Читаем Первый день – последний день творенья полностью

Он неуловимо похож на нашего ротного командира, только чертами чуточку погрубей. Но мне вовсе не до того, чтобы его разглядывать, я просто на выдохе вместе с другими, такими же, как я, хрипло отзовусь ему «и-ехх» и, натуживаясь до боли в паху, толкну высокий борт лодки.

– И-ехх! – высоко и сильно, не давая нам вздохнуть, кричит он, и я толкаю и толкаю, прижимаясь плечом, грудью к скользкому дереву.

– И-ехх! – И лодка, покачнувшись, двигается, погромыхивая на катке и слегка потрескивая. Где-то близко, почти рядом со мной, на уровне моих глаз растет красивый цветок.
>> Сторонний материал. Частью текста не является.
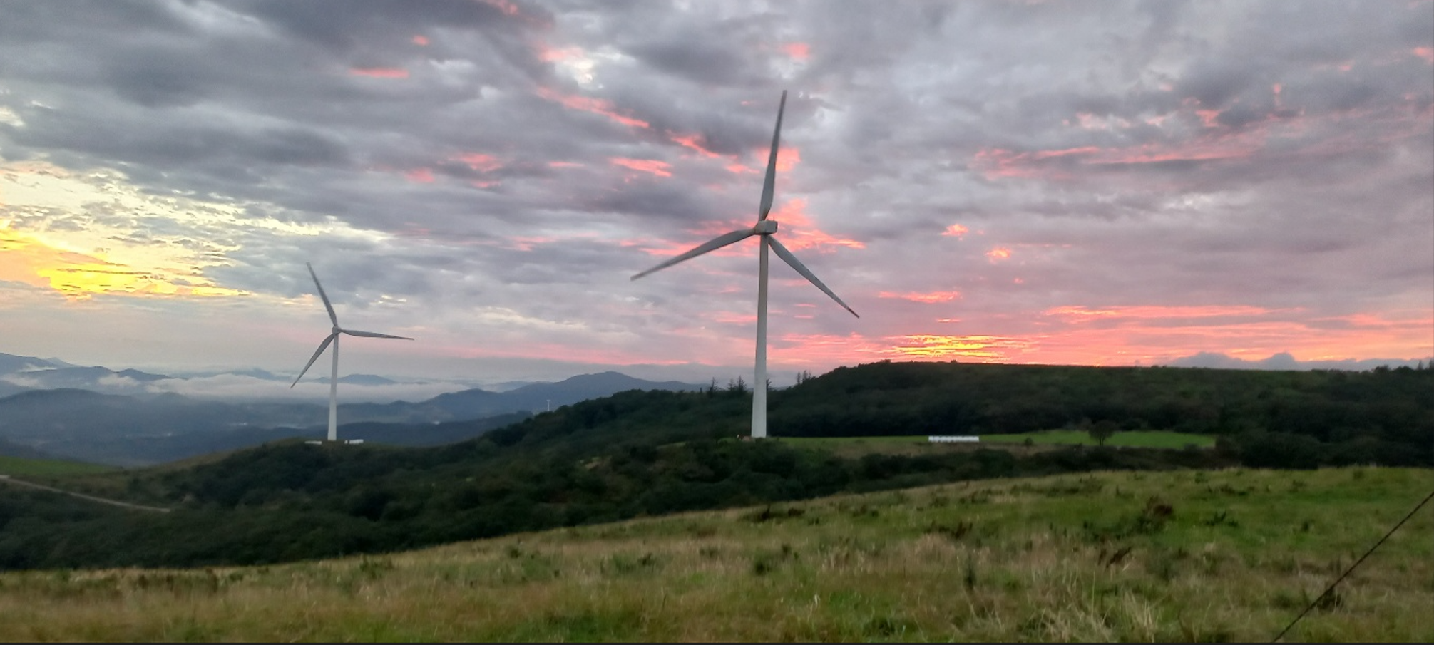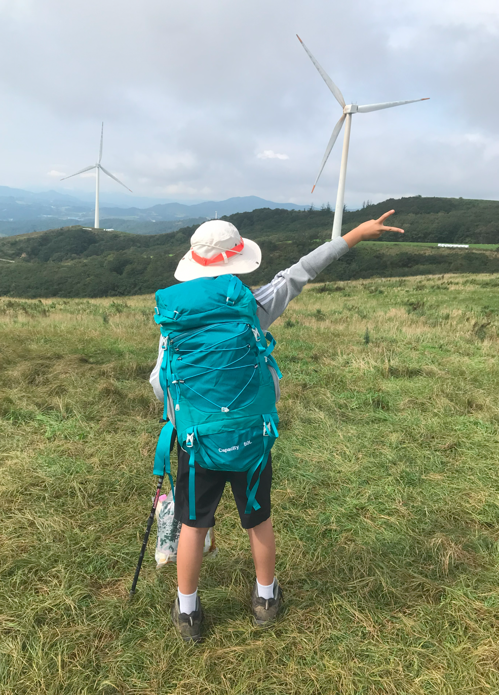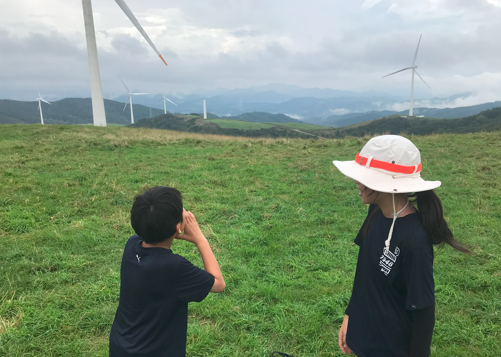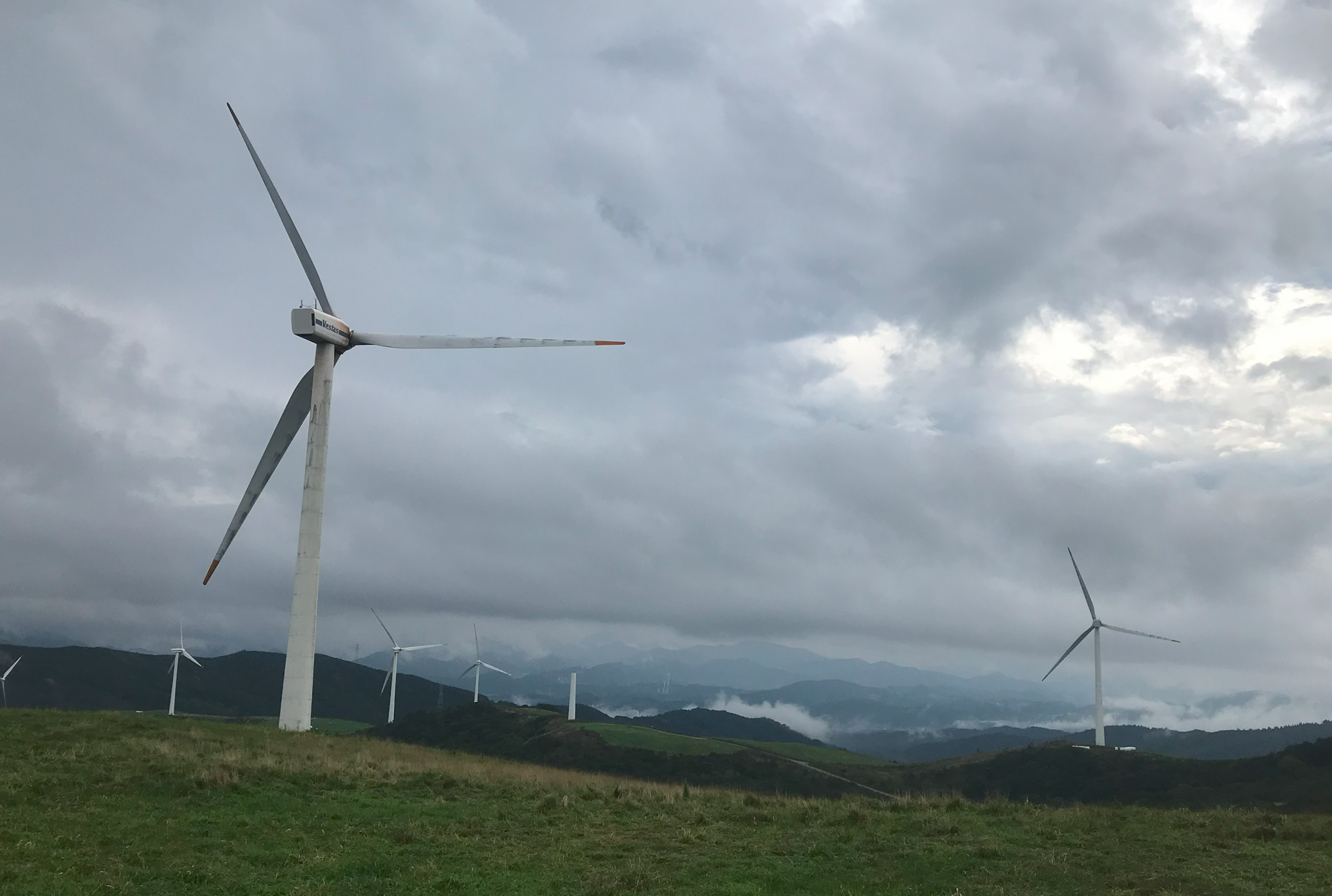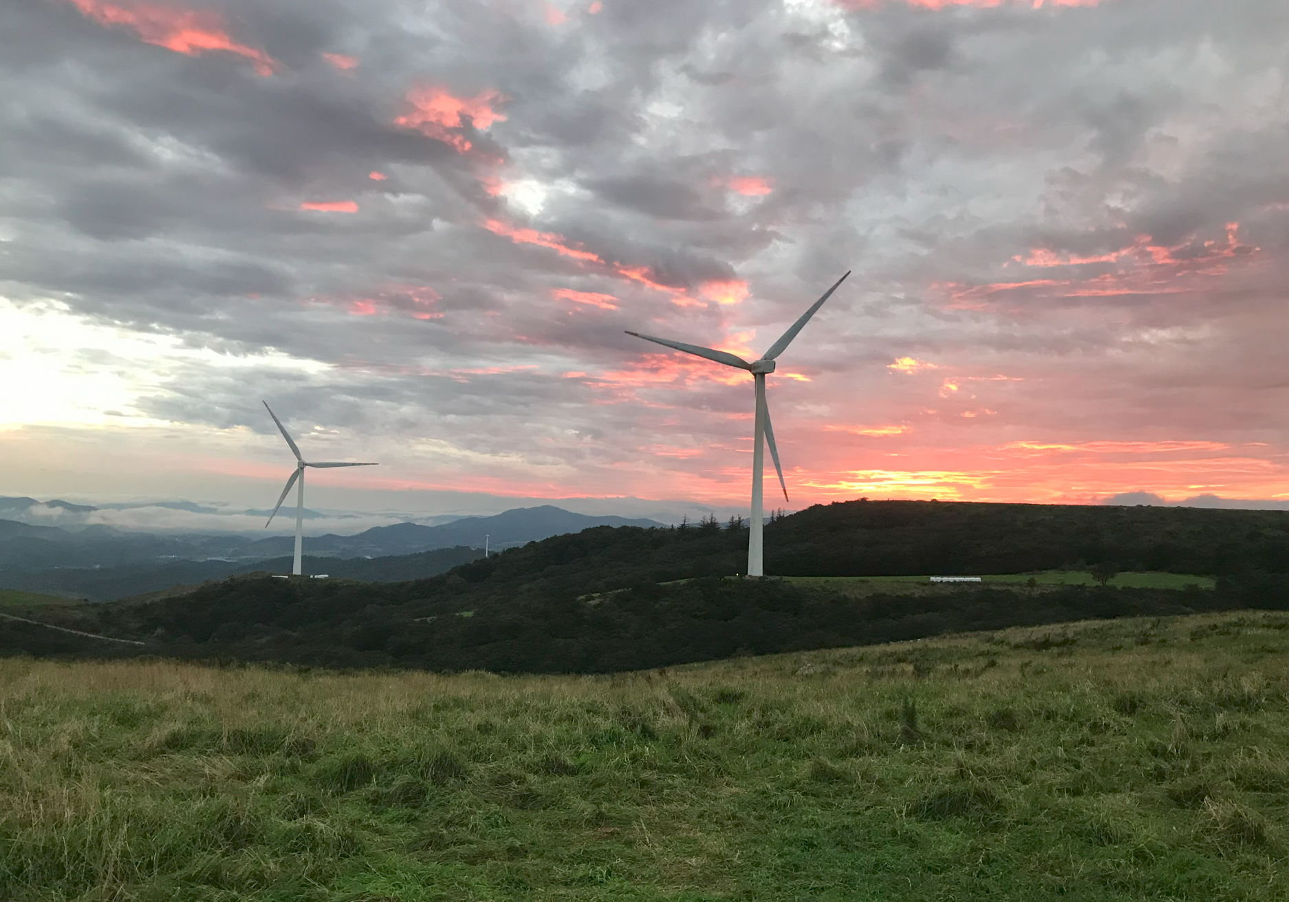 약 한시간 반에 걸쳐 올라온 정상은 정말 장관이었다 굴업도와 비슷한 언덕위로 펼쳐진 초원 분위기와 압도적이 크기의 웅장한 픙력 발전시스템에 멋진 장관을 이루었다.

Но глаза запорошило волосами, а на горячие виски и губы наплыл пот. И, задыхаясь от непрерывных усилий, я все буду видеть этот цветок, а на короткой передышке я сорву его и стану глядеть в самое нутро, желтую нежную его сердцевину. И вдруг вспомню оставленное родное гнездо в далекой земле, молодую жену, чье горячее молчаливое объятие до сих пор снится мне по ночам. Мне тогда вручили легкий лук, оставленный дедом, и показали рукой на голубую воду. И я впервые ушел за другими, отводя глаза от кричавших на берегу женщин и глотая горькую отчего-то слюну…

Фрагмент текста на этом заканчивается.